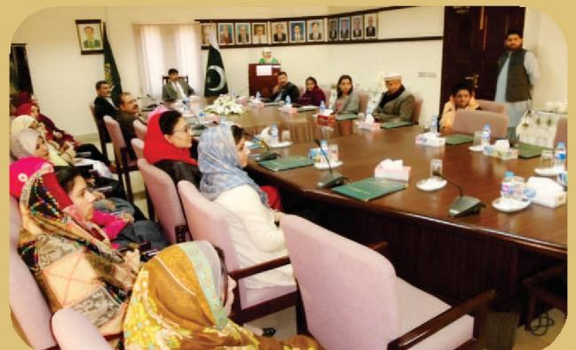
National day for Working Women celebrated on 22.12.2017 at FPSC HQ's Islamabad
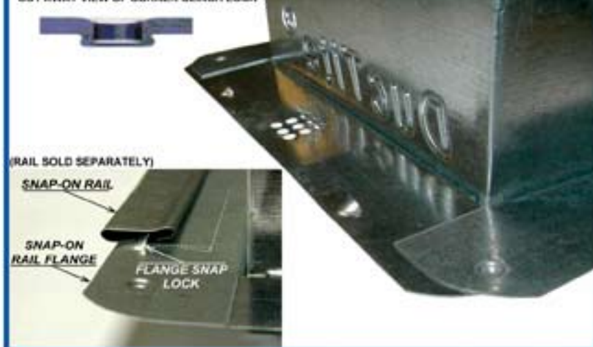
CUT AWAY VIEW OF CORNER CLINCH LOCK

*DucTite Register Boxes conform to IRC M1601.3.1 which requires joints and seams to be "Substantially Airtight".
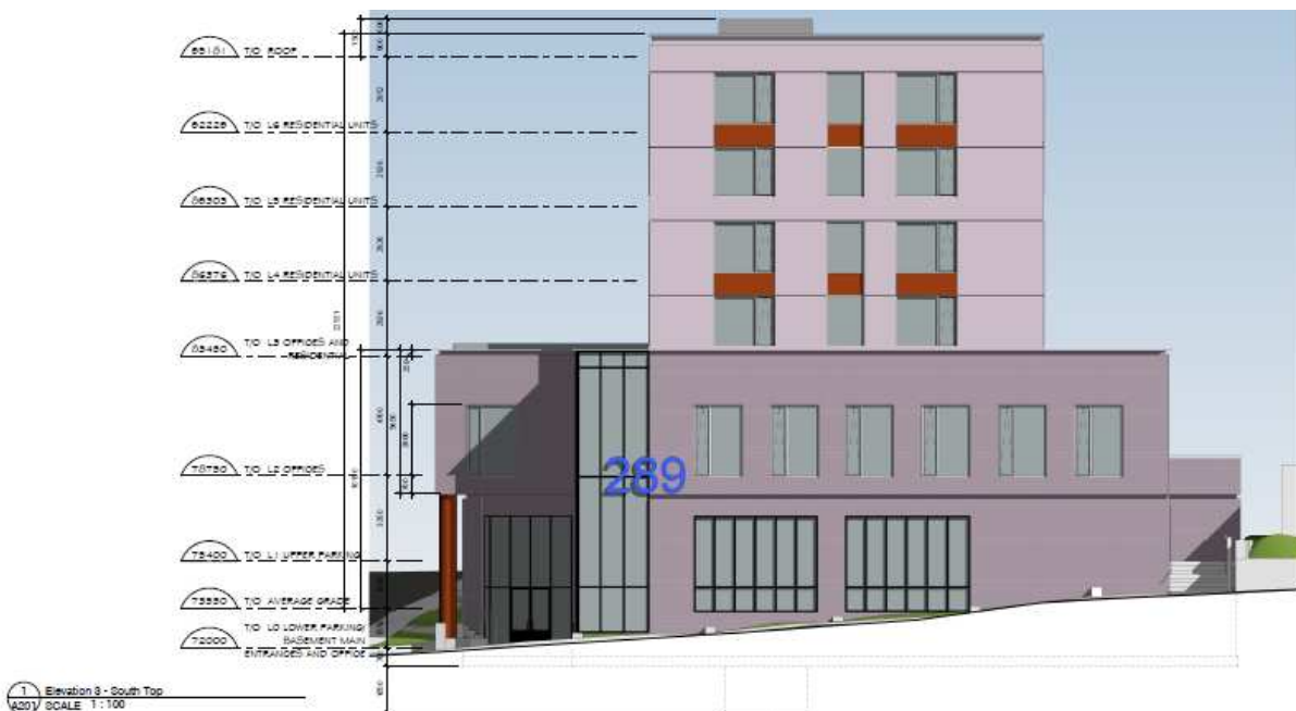
Figure 5: Carling Elevation

To respect the existing amenity space to the east of the subject site, which is located above a parking structure, the tower portion of the building is proposed to be set back approximately 8 metres from the side property lines. The north-south orientation of the tower minimizes shadowing impacts, while framing Carling Avenue with an appropriately massed built form that reflects existing buildings along the street.
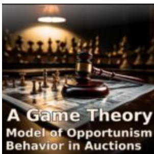
A Game Theory Model of Opportunism Behavior in Auctions
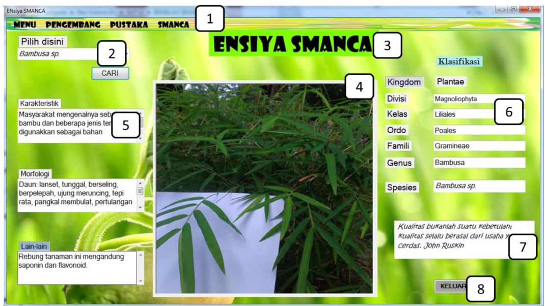
Figure 2 Display Encyclopedia Main Content Final Revision Results. (1) Sub Menu; (2) Search Box; (3) Information Box; (4) Picture Box; (5) Classification Box; (6) Motivation Box; (7) Command Box.

Test Results small-scale tryout found the poor assessments of students. Students think the font used was less clear and the word motivation must be multiplied. Ensiya Encyclopedia is considered interesting because all this time students don't understand much about what species are around. The font was changed to 14 pt making it easier to read. Encyclopedia view after final revision can be presented in Figure 2.
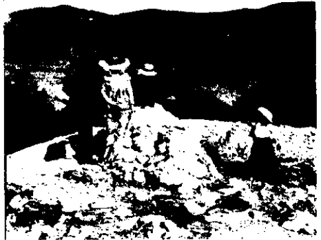
LADY CONSTANCE KNOX NAMING NORTHLAND GEYSER.
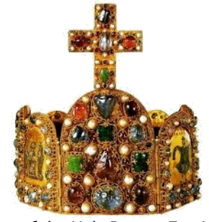
Crown of the Holy Roman Empire, which was tied to the Catholic church and lasted from the 10th—19th century.
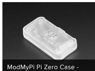
ModMyPi Pi Zero Case -
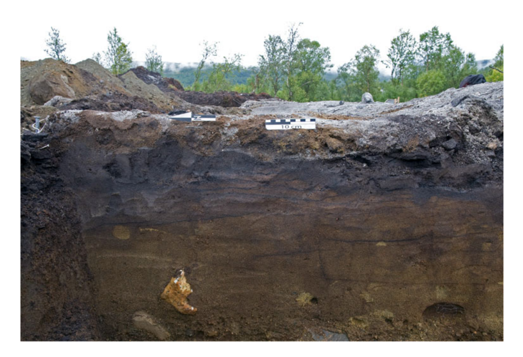
Figure 2. Successive thin charcoal lenses at Tønsnes 10 A15536, Troms, northern Norway.

(Skandfer, 2010: 140). It seems likely that this was a location for pyrotechnological activity rather than a refuse pit. At Mohalsen II (no. 15 on Figure 1 and Table S1) in the southernmost part of the northern region, two separate fireplaces were identified: they consisted of a concentration of potato-sized pebbles in one layer mixed with sooty soil and fragments of charcoal. A little under half of these were fire-cracked.
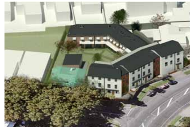
Cohousing has been shown to work internationally with a 50-year track record in countries such as Denmark, Germany, and the United States.
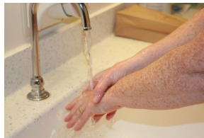
8. Hands are contaminated, perform hand hygiene
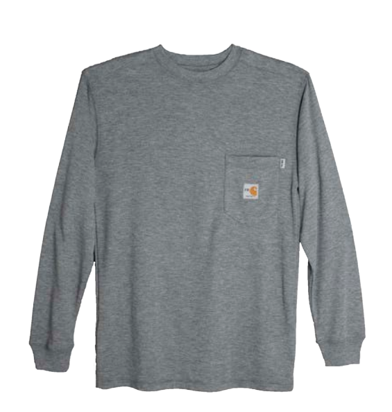
297 Carhartt® Long Sleeve T-Shirt 6.7 oz Heather Gray (31) ATPV 8.2, ARC 2, UL 2112 Certified
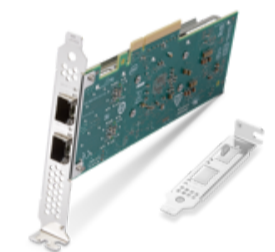
Intel E810-DA2 10/25GbE SFP28 2-Port PCIe Ethernet Adapter
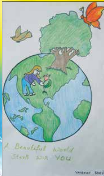
Vaibhav - VIII
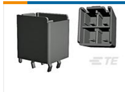
TE Part #1376386-1 5mm B-T-W Conn. 4P(2row) HDR A
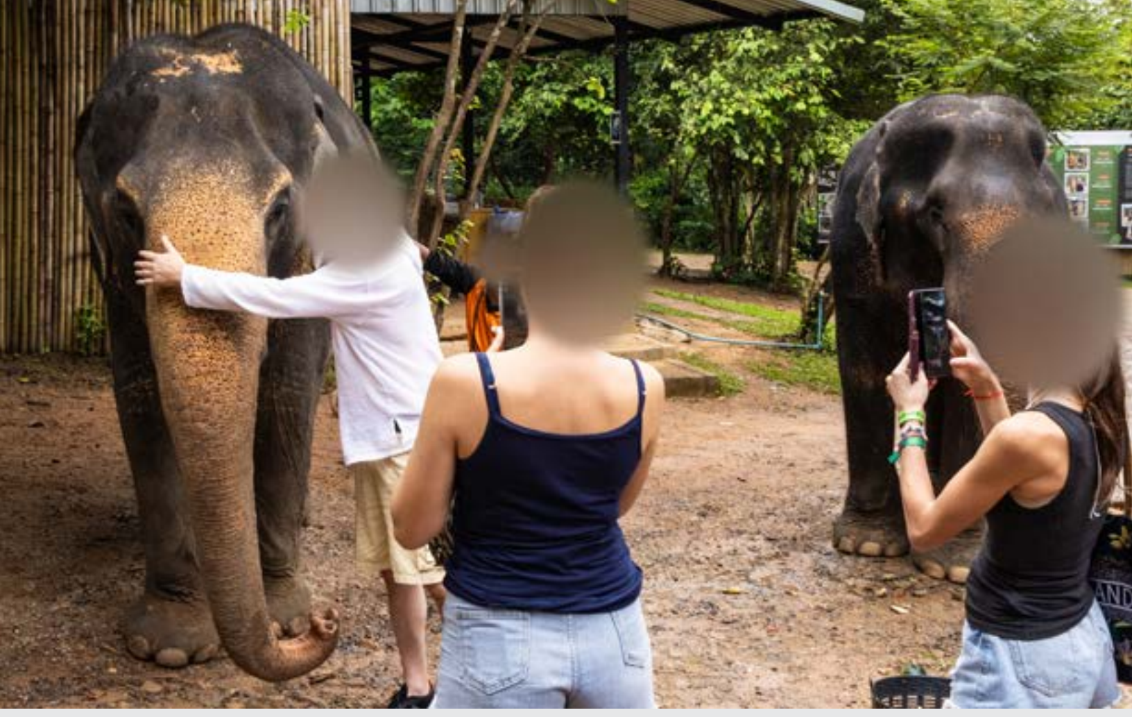
Tourists pose for photos with elephants at a Thailand elephant camp.
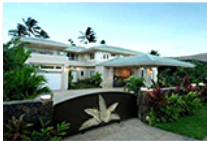
Portlock Rd, Honolulu 96825 Single Family Beds Total:5, Baths Total:5.01 $2,875,000
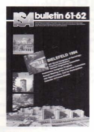
Fall / Winter 1993

Faculty of Political Sciences and Sociology, University of Complutense, 28223 Madrid, Spain Phone (34-1)3527650, Fax (34-1)3524945
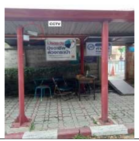
Figure 13 CCTV at Huachiew Chalermprakiet University' gate, inside the building and at Entrance and Exit
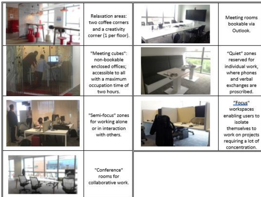
Figure 1: Presentation of the different types of workspaces and workstations
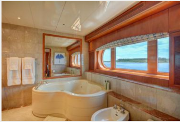
His & Her Master Bath
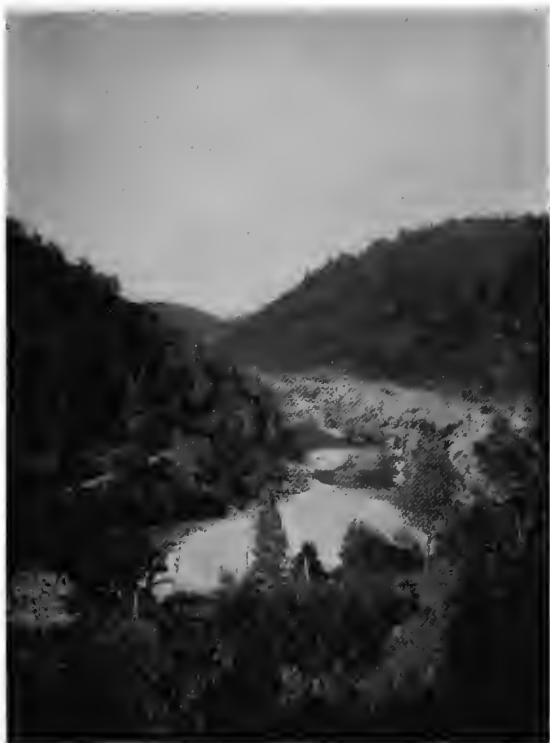
PLATE XX Middle Fork of the American River, Near Auburn, and Half a Mile Above Its Junction With the North Fork
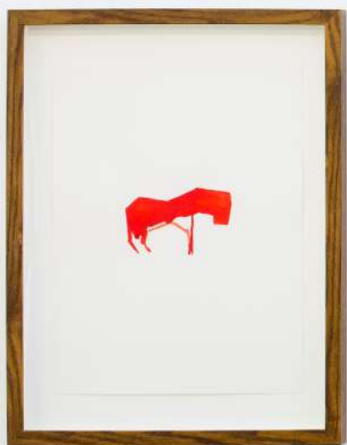
Bestiario III , 2019 Watercolour on paper. 40 x 30 cm.
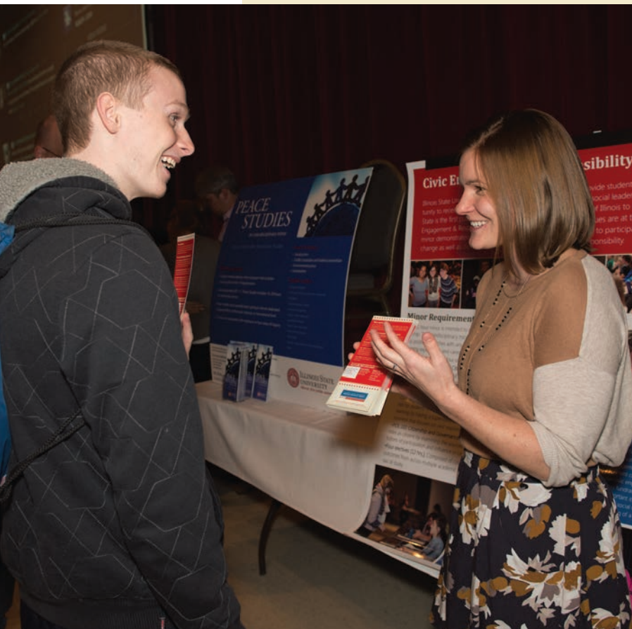
Illinois State University

about 71% voter turnout, with 1,102 students utilizing TurboVote and 1,700 people using campus polling places to vote early.
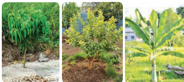
Fig. 6.9 Mother plants
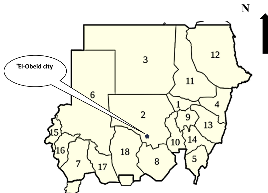
Figure 1 Location map of Northern kordofan, Sudan. 1: Khartoum state; 2: North Kordofan state; 3: Northern state; 6: Northern Darfur state; 8: South Kordofan state; 10: White Nile; 18: East Kordofan.

Collected as colorless crystals (20 mg) by repeated crystallization of the residue obtained from fraction A 3 ; m.p. 200–202 °C. UV/VIS data are shown in Table 1. IR (KBr) cm -1 : 3552 (OH), 1616 (C=O), 1521. 1 H-NMR (Acetone-d 6 ), δ: 7.40 (2H, m, H-2'/6'), 6.89 (2H, m, H-3'/5'), 6.01 (1H, s, H-8), 4.64 (1H, d, J = 11.6 Hz, H-3), 5.06 (1H, d, J = 11.6 Hz, H-2), 5.23 (1H, m), 3.26 (2H, d, J = 6.8 Hz), 1.75 and 1.64 (s each, all -CH 3 ). 13 C-NMR (Acetone-d 6 ), δ: 83.7 (C-2), 72.5 (C-3), 161.3 (C-5), 108.7 (C-6), 164.6 (C-7), 94.8 (C-8), 158.2 (C-9), 130.8 (C-2'/6'), 115.2 (C-3'/5'), 158.1 (C-4'), 17.2 (CH 3 , C-4''), 25.2 (CH 3 , C-5'''), 122.7 (CH, C-2'''), 20.9 (CH 2 , C-
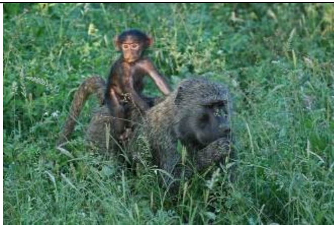
along for the ride
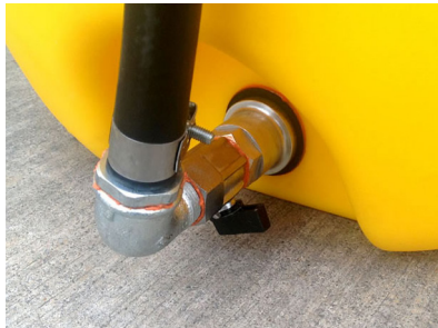
FUEL DISPENSING HOSE
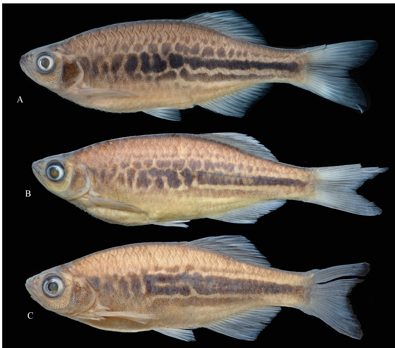
FIGURE 4. Devario ahlanderi . All from Myanmar, Shan State, Salween River basin. A , holotype, NRM 57999, adult female, 65.2 mm SL; stream close to Naung Ai Village, about 6 miles (9 km) east of Kak-ku. B , paratype, NRM 58062, adult male, 56.9 mm SL, same locality as holotype; C , paratype, NRM 58061, adult female, 55.6 mm SL; small stream running under Naung Pic bridge near Naung Pic Village, on the way from Kak-ku to Taunggyi.

Dorsal fin inserted at highest point of dorsum, distinctly posterior to middle of body. Anal fin inserted below anterior rays of dorsal fin. Pectoral-fin insertion at about vertical through posterior margin of osseous opercle; extending to pelvic-fin insertion. Pectoral axial lobe well developed. Pelvic fin inserted slightly anterior to midbody, not reaching to anterior insertion of anal fin. Pelvic axillary scale present. Caudal fin forked, lobes of about equal length, tips rounded.
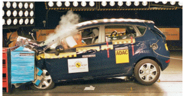
Offset crash test at 64km/h (5 door hatch)
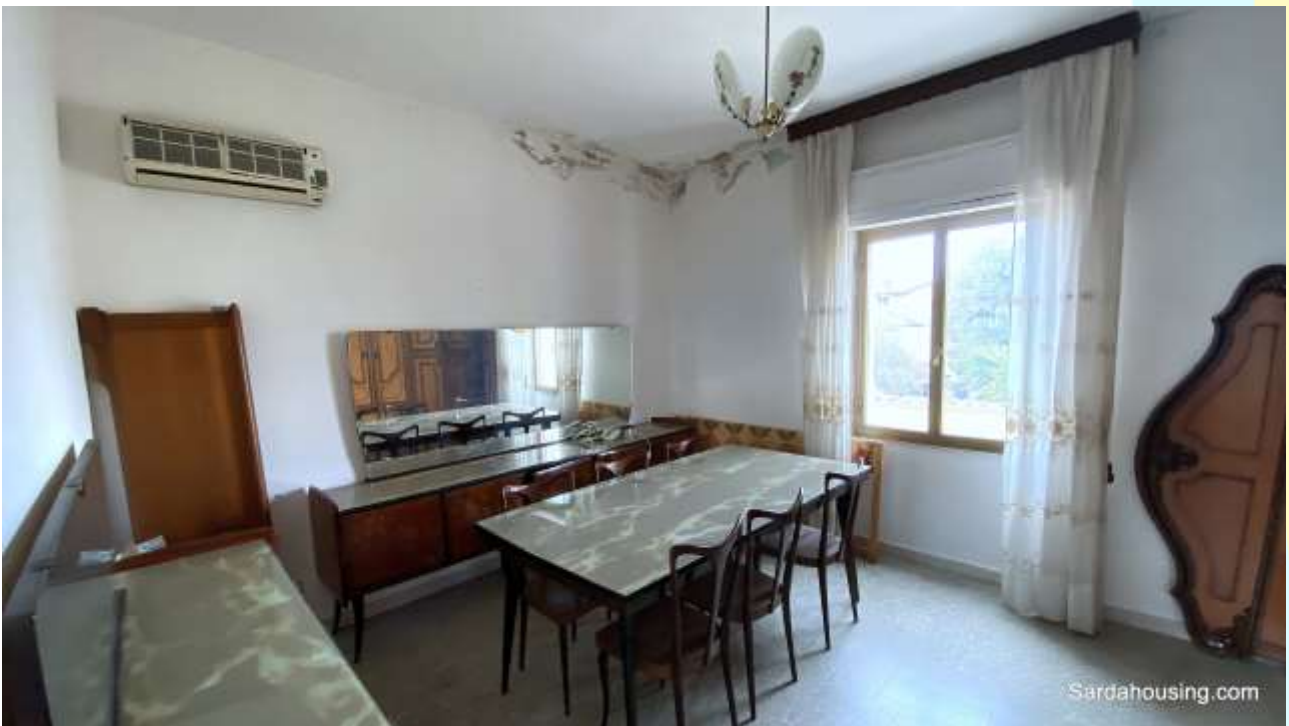
8 - Soleminis – Cagliari – House Roma – dining room
--------
Your instructions
A complete answer gives every line of the records holding "University".

Task output
Faculty of Political Sciences and Sociology, University of Complutense, 28223 Madrid, Spain Phone (34-1)3527650, Fax (34-1)3524945
Figure 13 CCTV at Huachiew Chalermprakiet University' gate, inside the building and at Entrance and Exit
Illinois State University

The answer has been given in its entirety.